The study has several limitations that should be mentioned. First, concerning the data collection methods, one considerable limitation is that we only used one modeling problem to investigate PSTs’ professional competencies. Therefore, PSTs’ professional mathematical modeling competencies may not have been as fully examined as possible. Future studies should consider including more items, particularly items of varying modeling complexity. Second, the number of participants from the three regions was insufficient for more advanced quantitative data analysis, limiting the results’ generalizability, particularly regarding the relationship between MCK and MPCK of mathematical modeling.

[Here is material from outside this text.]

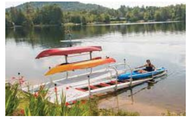
2 Kayak Launch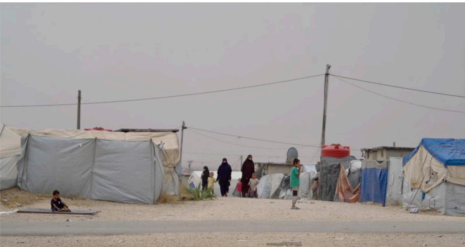
Children and women in Roj Camp, NES

In Roj camp, the living conditions are considered better than al-Hol, yet it is a crowded, tented camp with approximately 2,600 detainees 51 . The area is surrounded by barbed wire fencing, and armed soldiers monitor from watchtowers to discourage attempts at escape. The day in May the RTC Sweden delegation visited Roj, it was over 40 Celcius degrees. During the visit, a sudden sandstorm struck, destroying several tents. This instance provided a small understanding of the weather conditions faced by camp residents. The overall situation in the camp appeared chaotic and the delegation was only given a short time to visit the camp. The delegation was not able to meet with any Swedish children, but did meet one of the twelve Swedish women detained there, Amina. Amina was detained by SDF and first brought to the al-Hol camp, but was transferred along with her children to Roj camp during the summer of 2020.

Third, the number of institutions involved was relatively low, and we did not investigate the opportunities to learn mathematical modeling available during the pre-service training period, which may limit the possibility of establishing possible linkages between the specific characteristics of the institutions with PSTs’ professional mathematical modeling competences. Moreover, few factors related to cultural tradition and educational contexts were discussed in the present study. Although it may be difficult, future studies should involve more participants from more institutions and should explore and compare the relationship cross-culturally between more countries to facilitate the identification of clear patterns concerning the influence of school and university curricular issues on PSTs’ modeling competencies.